Recombinant Mycobacterium avium NADH-quinone oxidoreductase subunit K (nuoK)

What is Mycobacterium avium NADH-quinone oxidoreductase subunit K (nuoK) and what is its biological function?

NADH-quinone oxidoreductase subunit K (nuoK) is a transmembrane protein component of the NDH-1 complex in Mycobacterium avium. This protein plays a critical role in the respiratory chain by participating in electron transport from NADH to quinones. Specifically, NDH-1 shuttles electrons from NADH via FMN and iron-sulfur (Fe-S) centers to ubiquinone in the respiratory chain. This process couples redox reactions to proton translocation across the cytoplasmic membrane, with four hydrogen ions being translocated for every two electrons transferred, thereby conserving redox energy in the form of a proton gradient . The complete amino acid sequence of nuoK consists of 99 amino acids (MNPINYLYLSALLFTIGAAGVLLRRNAIVMFMCVELMLNAVNLAFVTFARMHGHLDGQMIAFFTMVVAACEVVIGLAIIMTIFRTRKSASVDDANLLKG), with hydrophobic regions consistent with its membrane-embedded nature .
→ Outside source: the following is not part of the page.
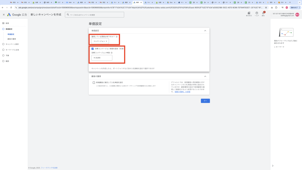 ステップ1 目標コンバージョン単価の最大化(目標CPA20,000円)

How does nuoK differ across various Mycobacterium avium subspecies?

Mycobacterium avium comprises four subspecies with both human and veterinary pathogens. Genome analysis reveals that the gene encoding nuoK varies in conservation across these subspecies. In M. avium subspecies paratuberculosis (Map), which has a remarkably conserved genome averaging 4.8 Mb with minimal variance (29.6 kb) among strains, nuoK shows high conservation. In contrast, M. avium subspecies avium (Maa) and M. avium subspecies hominissuis (Mah) display greater genetic diversity and genome size variance .

Comparatively, about 80% of Map genes belong to the core genome, whereas only 40% of non-Map genes are part of their core genome, suggesting different evolutionary pressures on genes like nuoK across subspecies . These differences may reflect adaptation to different hosts and environmental niches, potentially affecting the structure and function of respiratory complexes including nuoK.
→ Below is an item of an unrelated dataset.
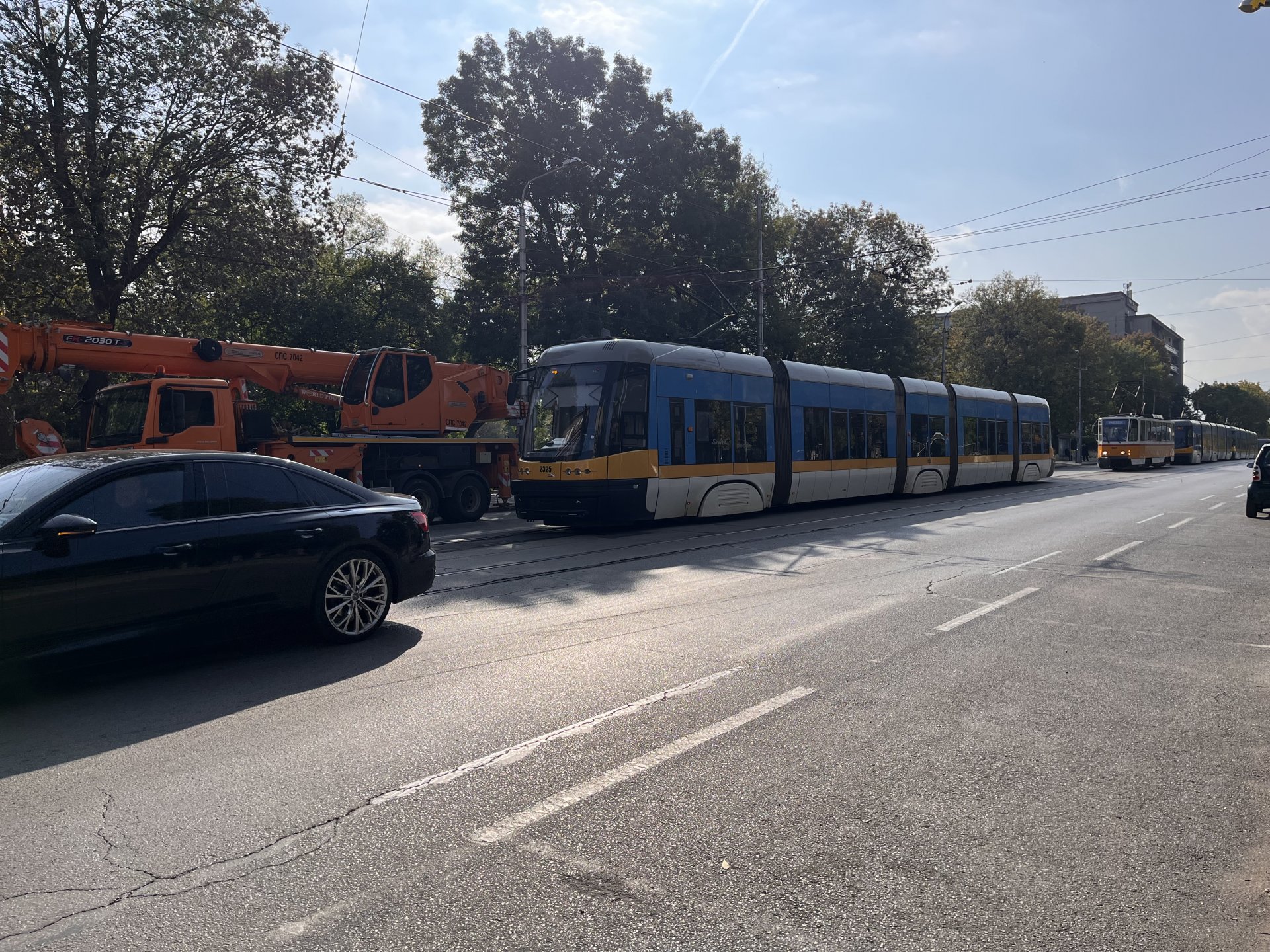 Движението на трамваите по бул. " Христо Ботев " в двете направления е спряно. Заради в региона се е образувало огромно запушване.

What are the optimal expression systems for producing recombinant nuoK protein for research purposes?

Based on successful recombinant protein production reported in the literature, E. coli has proven to be an effective heterologous expression system for Mycobacterium avium nuoK . When designing an expression protocol, consider the following methodological approach:

• Vector selection: Use vectors with strong, inducible promoters (e.g., T7) and appropriate fusion tags (His-tag is commonly used for nuoK)

• Host strain optimization: BL21(DE3) or derivatives are recommended for membrane protein expression

• Expression conditions:

  • Induction with 0.1-0.5 mM IPTG

  • Lower temperatures (16-25°C) during induction to reduce inclusion body formation

  • Extended expression time (overnight) at reduced temperatures

The hydrophobic nature of nuoK as a transmembrane protein requires special consideration during expression to maintain proper folding and avoid aggregation. Addition of mild detergents or membrane-mimetic environments during cell lysis and purification is essential for maintaining protein solubility and native conformation .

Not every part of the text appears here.